Scoop up this popular cafe site

1:57 PM Wednesday June 11, 2014 Colin Taylor

The Catalina Cafe building is in fast-growing Hobsonville Point.

Building houses popular eatery named after historic Auckland flying base

Hobsonville Point's historic Catalina Cafe building has been put on the market after the popular cafe signed a new six-year lease.

"This sale represents a chance to invest in the historic heart of Auckland's fastest-growing community amidst New Zealand's largest residential property development," says Michael Pleciak, the Bayleys Central salesman who is marketing the property for sale by auction next Wednesday, June 18, with colleague Terry Jones of Bayleys Northwest.

The land and buildings are at the corner of Hastings Cres and Buckley Ave, with the Catalina Cafe building occupying a 1200sq m freehold corner site in the middle of the well-developed Buckley precinct, next to an award-winning park and opposite a retirement village being built.

The other tenant, Hobsonville Land Company (HLC), the lead developer of Hobsonville Point, intends renovating its portion of the building to create a visitor information centre, ensuring the property becomes more than ever a hub and meeting point for Hobsonville Point, a community about halfway between Albany and Westgate on SH18.

Catalina Cafe and HLC each rent about 194sq m of space in the building. Both have long-term leases with further rights of renewal that generate an annual income of $164,260.

The cafe takes its name from the historic Catalina flying boats used by the Air Force, which operated from Hobsonville after it was chosen by the Government as a site for both land- and sea-based aviation in 1924.

Twenty eight of the Catalinas were scrapped in August 1952 and the last six in December 1955.
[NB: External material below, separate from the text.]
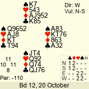 Con | Dc | Res | Score | Ld | Pairs | Rd | Tbl | 4  | S | +2 | 480 | 9 | 01 - 12 | 22 | 1 |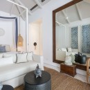 The bedrooms, elegantly furnished, feature king-size beds, LCD TVs with Netflix, built-in wardrobes, personal safes, mini-bars, and large mirrors. Each bedroom boasts an en-suite bathroom with a walk-in rain shower and twin sinks. The Master bedroom and bedroom #2 include a small private garden with tropical plants and an outdoor rain shower. All bedrooms overlook the pool and offer direct access to the pool deck.

"The Catalina Cafe building is very much part of the fabric of Hobsonville Point -- a master-planned community that will ultimately comprise 3000 homes and amenities to support a population of 8000 to 10,000 people," Pleciak says. "Astute investors wanting a hands-off opportunity with leases locked in will recognise the merits of this property in what is arguably Auckland's most progressive new residential precinct.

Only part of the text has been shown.